You need to configure Network Address Translation (NAT) to allow users access to the Internet. There are 62
private hosts that need Internet access using the private network 10.4.3.64 /26, and all of them will be
translated into the public IP address of the serial interface.
Which of the following NAT configurations will allow all 62 hosts to have simultaneous Internet access?

A.
Router(config)# ip nat pool POOLNAME 10.4.3.64 /26
Router(config)# interface s0
Router(config-if)# ip nat inside source 1 pool POOLNAME overload

B.
Router(config)# access-list 1 permit 10.4.3.64 0.0.0.127
Router(config)# interface s0/0
Router(config-if)# ip nat source list 1 pool POOLNAME overload

C.
Router(config)# access-list 1 permit 10.4.3.64 /26
Router(config)# ip nat inside source list 1 interface serial 0

D.
Router(config)# access-list 1 permit 10.4.3.64 0.0.0.63
Router(config)# ip nat inside source list 1 interface serial 0 overload

Explanation:
You should execute the following commands:
Router(config)# access-list 1 permit 10.4.3.64 0.0.0.63
Router(config)# ip nat inside source list 1 interface serial 0 overload
A successful NAT configuration requires the creation of an access control list (ACL) to identify the private IP
addresses that will be translated, as well as an ip nat inside source command to dictate what public IP
addresses will be used for translation. Cisco uses the term “inside local” for IP addresses prior to translation,
and “inside global” for public IP addresses after translation.
The access-list 1 permit 10.4.3.64 0.0.0.63 command correctly identifies the private host network of
10.4.3.64 /26, consisting of 62 hosts.
The ip nat command is broken down as follows:
inside: indicates that packets received on the inside (private) interface will be translated
list 1: specifies that access list 1 will be used to determine which private IP addresses will be translated
interface serial 0: specifies that NAT will translate private IP addresses into the IP address of the serial 0
interface
overload: allows NAT to reuse the IP address of the serial interface for all private IP addresses, providing
them simultaneous access to the Internet
The correct wildcard mask is critical to ensuring that the access list allows translation of all LAN devices.
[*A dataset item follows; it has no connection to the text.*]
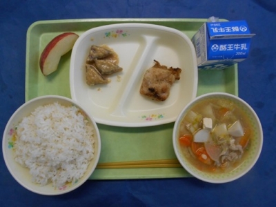 ごはん 牛乳 鶏肉のごまみそ焼き ゆずみそこんにゃく けんちん汁 りんご

For
example, if the private LAN used the 192.168.9.0/24 network and 167 devices were present in the network, the
correct wildcard mask would be 0.0.0.255. If you used an incorrect wildcard mask, such as 0.0.0.3, only the
192.168.9.0/30 network would be allowed translation (only the IP addresses 192.18.9.1 and 192.168.19.2.) Of
the 167 devices, 165 would not receive translation.
The overload keyword is required in this configuration, since there are more private IP addresses (62) than
there are public IP addresses (one). Overload activates NAT overloading, often called Port Address Translation
(PAT), and assigns each private IP address a unique, dynamic source port in router memory to track
connections. If the overload keyword were not included in the NAT configuration, only one private host could
access the Internet at a time.
An alternate solution would involve the creation of a pool of public IP addresses on the NAT router, and
applying the access control list to the NAT pool:
Router(config)# ip nat pool NATPOOL 201.52.4.17 201.52.4.22 netmask 255.255.255.248
Router(config)# ip nat inside source list 1 pool NATPOOL overload
The first command creates a NAT pool with six public IP addresses on subnet 201.52.4.16/29, which will be
used for translation. The second command then ties access list 1 to the NAT pool, and specifies overload so
that the six public addresses can be reused as often as necessary, allowing all of the private IP addresses
simultaneous Internet access.
In both of these examples, dynamic mapping is used. Without dynamic mapping, it is not possible for
computers from outside the network to establish a connection with computers inside the network unless a static
mapping between the private IP address and the public IP address is established on the NAT device.
A common alternative approach is to use public IP addresses in the DMZ rather than private IP addresses, and
to place any computers than must be accessed from outside the network in the DMZ. In this case, NAT is not
required between the DMZ devices and the Internet. Even if public IP addresses are used in the DMZ, if the
addresses undergo NAT translation, connections from outside the network will not be possible.
When NAT is used to translate a public IP address (or addresses) to private IP addresses, the NAT process is
ONLY implemented on the router that connects the network to the Internet. This is because private IP
addresses are not routable to the Internet, and translation must occur where the network connects to the
Internet.The following command sets are incorrect because they both involve the creation of a NAT pool:
Router(config)# ip nat pool POOLNAME 10.4.3.64 /26
Router(config)# interface s0
Router(config-if)# ip nat inside source 1 pool POOLNAME overload
and
Router(config)# access-list 1 permit 10.4.3.64 0.0.0.127
Router(config)# interface s0/0
Router(config-if)# ip nat source list 1 pool POOLNAME overload
The scenario states you must use the IP address of the serial interface as the public address. Also, the ip nat
inside source command is configured in global configuration mode, not interface configuration mode. Finally,
access control lists require inverse masks (such as 0.0.0.63). CIDR notation (as in POOLNAME 10.4.3.64 /26)
is not allowed.
The following command set is incorrect because access control lists require inverse masks (such as 0.0.0.63)
and CIDR notation (/26) is not allowed:
Router(config)# access-list 1 permit 10.4.3.64 /26
Router(config)# ip nat inside source list 1 interface serial 0
Also, the ip nat inside source command is configured in global configuration mode, not interface configuration
mode.
Objective:
Infrastructure Services
Sub-Objective:
Configure, verify, and troubleshoot inside source NAT